All Sünd’ hast du getragen/ sonst müssten wir verzagen“, heißt es im Bach-Choral „O Lamm Gottes, unschuldig“, der auf der theologischen Vorstellung beruht, dass der Kreuzestod Jesu ein freiwilliges Opfer war, um Gott mit der sündigen Menschheit zu versöhnen. Ganz in dieser Tradition steht auch ein Gemälde von Leonardo da Vinci, das bereits zur Zeit seiner Entstehung für Aufsehen sorgte. „Als der Entwurf fertig war, sah man zwei Tage lang Jung und Alt, Männer und Frauen, wie zu einer großen Festlichkeit nach dem Zimmer pilgern, wo Leonardos Wunderwerk ausgestellt war“, überliefert sein jüngerer Kollege Giorgio Vasari.

Das von den Florentinern so gefeierte Meisterwerk zeigt uns zwei weibliche Gestalten, die liebevoll auf einen Knaben blicken. Es handelt sich dabei um eine Darstellung der „Anna selbdritt“, ein seit dem Mittelalter beliebtes Motiv, welches die christliche „Übermutter“ gemeinsam mit ihrer Tochter Maria und ihrem Enkelkind vor Augen führt.

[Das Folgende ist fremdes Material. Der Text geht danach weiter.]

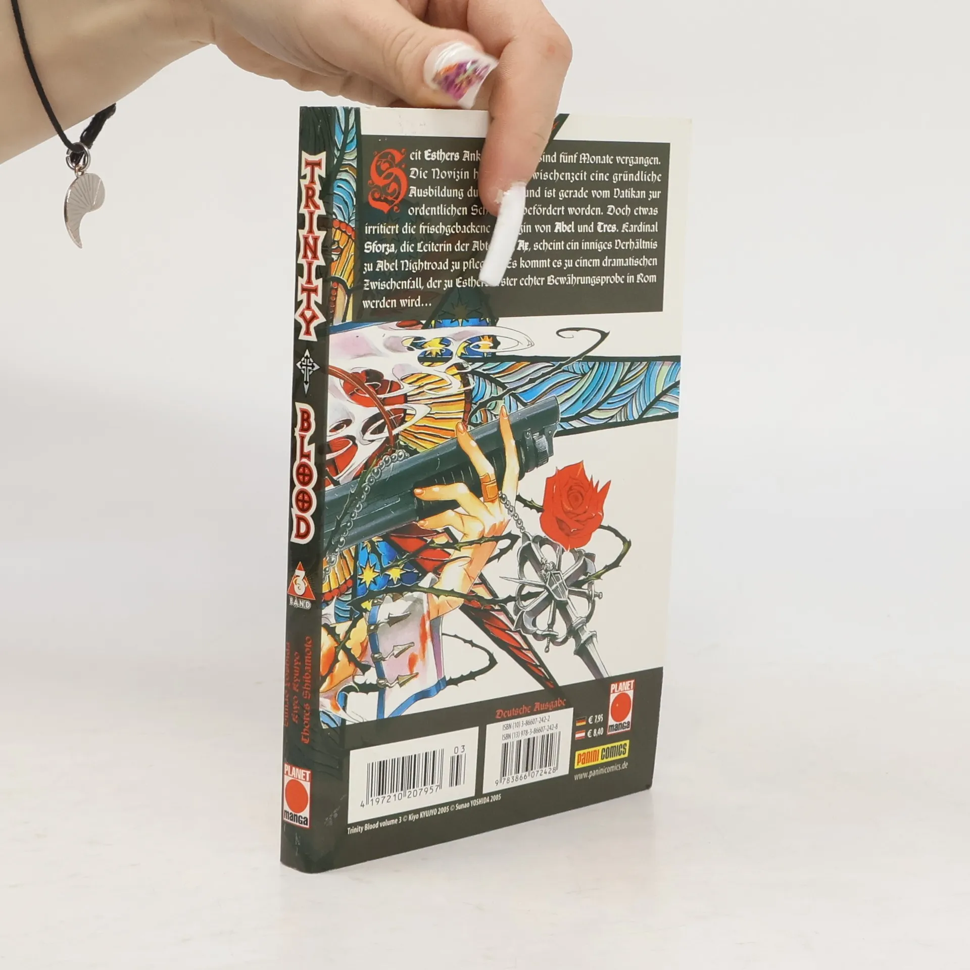 TRINITY BLOOD 3 Seit Esthers Ankunft in Rom sind fünf Monate vergangen. Die Novizin hat in der Zwischenzeit eine gründliche Ausbildung durchlaufen und ist gerade vom Vatikan zur ordentlichen Schwester befördert worden. Doch etwas irritiert die frischgebackene Kollegin von Abel und Tres. Kardinal Sforza, die Leiterin der Abteilung Ax, scheint ein inniges Verhältnis zu Abel Nightroad zu pflegen. Es kommt es zu einem dramatischen Zwischenfall, der zu Esthers erster echten Bewährungsprobe in Rom werden wird.

Leonardo hat das Geschehen in eine einsame Landschaft verlegt, mit heroischen Bergen und einem Baum im Hintergrund. Doch die Idylle trügt. Denn der Knabe, der sich anschickt, auf ein Lämmchen zu steigen, ist selbst das unschuldige Opfertier, das sich für die Menschheit hingeben wird. Maria scheint dies zu spüren und ihr Kind von seinem Schicksal abhalten zu wollen. Nur Anna, die kaum älter als ihre Tochter dargestellt ist, verfolgt das Geschehen mit einer gewissen Abgeklärtheit.

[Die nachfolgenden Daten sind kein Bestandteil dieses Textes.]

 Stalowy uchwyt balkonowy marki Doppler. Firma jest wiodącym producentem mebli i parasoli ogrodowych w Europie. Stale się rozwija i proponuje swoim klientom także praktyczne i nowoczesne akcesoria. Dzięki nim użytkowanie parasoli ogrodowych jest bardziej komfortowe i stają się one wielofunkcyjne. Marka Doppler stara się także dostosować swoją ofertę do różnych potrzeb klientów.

Leonardo hat das Gemälde, das heute im Pariser Louvre zu bewundern ist, bis zu seinem Tod nicht aus der Hand gegeben. Und er hat es auch nie vollendet – zu erkennen etwa am blauen Mantel von Maria, die seltsam über dem Schoß ihrer Mutter zu schweben scheint.

Vaterlose Kindheit

Laut Sigmund Freud spiegelt sich in dieser Szene Leonardos vaterlose Kindheit als unehelicher Sohn eines Notars wider, der anfangs von seiner Mutter, einer einfachen Magd, und später von der jungen Frau seines Großvaters aufgezogen wurde. Die „Überzärtlichkeit“ der beiden habe zu einer erotischen Bindung des Knaben an die Mutter und letztlich zu Leonardos Homosexualität geführt, was dieser durch „Überproduktivität sublimiert“ habe.
Was damit gemeint sein könnte, verdeutlichen zwei Maltechniken, die der Künstler bei seiner „Anna selbdritt“ erprobte: das „Sfumato“, eine Art milchige Unschärfe von entfernteren Gegenständen, und das „Chiaroscuro“, das den Gestalten mittels Hell-Dunkel-Kontrasten mehr Räumlichkeit und Dramatik verleiht. Beide Prinzipien haben die Malerei ebenso verändert wie das Geschehen von Golgota die abendländische Geschichte.

Dass es sich beim Kreuzestod Jesu um ein Sühneopfer handelte, wird heute übrigens vielfach bezweifelt. Der bedeutende Theologe Eugen Biser meinte in diesem Sinn: „Ein Gott der bedingungslosen Liebe wird durch Opfer nicht versöhnt, ganz davon zu schweigen, dass er gar keine Opfer will.“

„Das Lamm Gottes, das die Sünde der Welt hinwegnimmt“ (Johannes 1,29) wird also auch weiterhin die Geister beschäftigen. Nicht nur jene, die sich heute einen „persönlichen Feiertag“ nehmen mussten.